This month’s blog post illustrates how to extract, analyze and visualize data from Facebook using the software R. We use Rfacebook, a specific package for social media mining. To get started, you have to set up a developer account on www.developers.facebook.com which is really simple given that you have an existing Facebook account yourself. After that there are some steps to follow to connect R to the programming interface (API) of Facebook and make the authentication process reproducible in your R code. There are lots of walk through descriptions available on the web, the one on listendata.com and thinktostart.com helped us a lot to prepare this post.

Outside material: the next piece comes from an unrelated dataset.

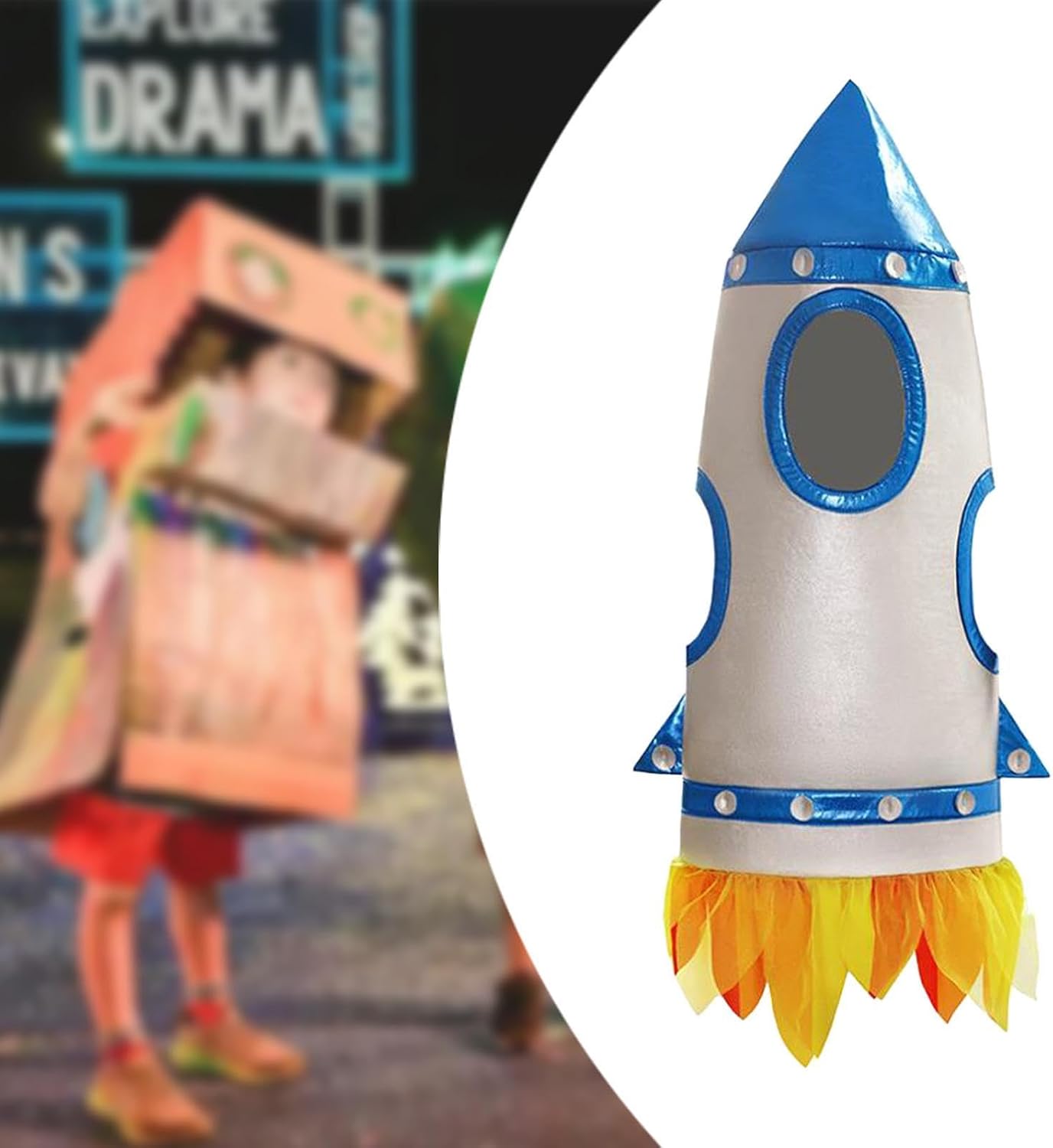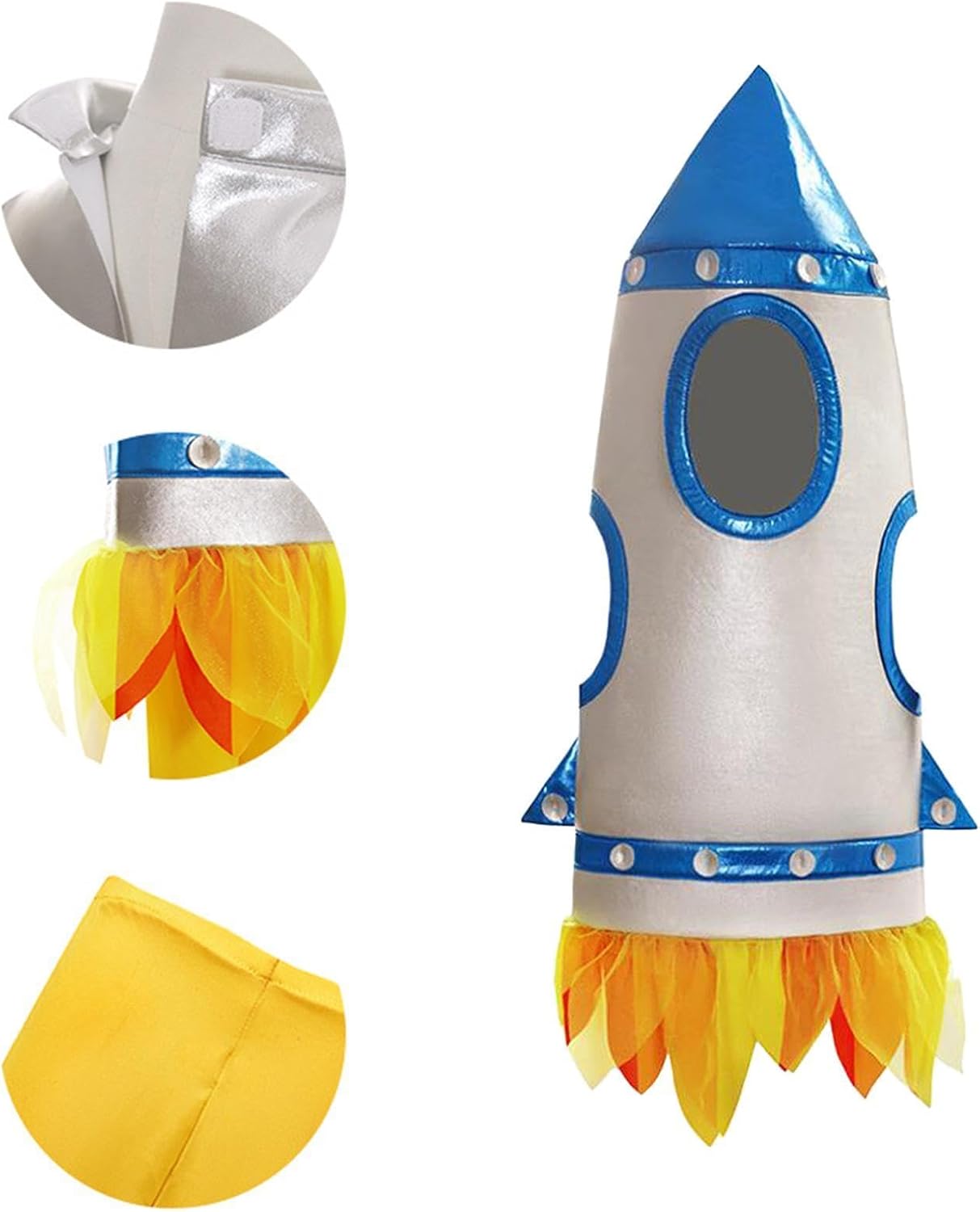 【Design unico con dettagli divertenti】: questo costume da razzo presenta 3 fori per finestre, che consentono alla testa e alle mani del tuo bambino di passare comodamente. Il design dello space shuttle include una forma di razzo con bordi simili a fiamme, rendendolo un vestito accattivante per qualsiasi . (Maglietta interna non inclusa) 【Scelta regalo ideale】: sorprendi il tuo bambino con questo delizioso vestito a razzo che incoraggia la creatività e l'avventura nelle loro attività di gioco, assicurandosi al contempo che si distinguano in qualsiasi festa o 【Materiale comodo e morbido】: realizzato in fibra di poliestere, il costume da razzo è morbido al tatto e comodo da indossare. Il suo tessuto leggero assicura che il tuo bambino possa giocare e godersi le feste senza sentirsi stanco 【Ideale per varie occasioni】: che si tratti di Halloween, una festa a tema, giochi di ruolo, giochi quotidiani, riunioni di famiglia, carnevali, celebrazioni pasquali o balli, questo costume da cosplay a razzo renderà il tuo bambino dello spettacolo 【Migliora il divertimento festivo】: aggiungi alle prossime vacanze con questo costume a tema spaziale che promette divertimento e gioco fantasioso per il tuo bambino

Getting connected and exploring data
In order to provide a possibly interesting example for analytical practice, we take a closer look at the Facebook pages of the renowned international charities Unicef and Save the Children. After having connected to the Facebook API via R, we scrape the 100 last posts published on the Unicef page:
Code Snippet 1: Scrape data from Facebook page
The command getPage() creates a data frame which we can use for further analysis. It contains the following variables:
We take a look at the mentioned data frame using summary(), re-format the column created_time into a date and run the descriptive statistics again:
Code Snippet 2: Look at data frame and re-format created_time
Using the summary() command we see that the last 100 posts were published in a period of almost 2 weeks between November 6th and November 21st 2017 (minimum and maximum of created_time).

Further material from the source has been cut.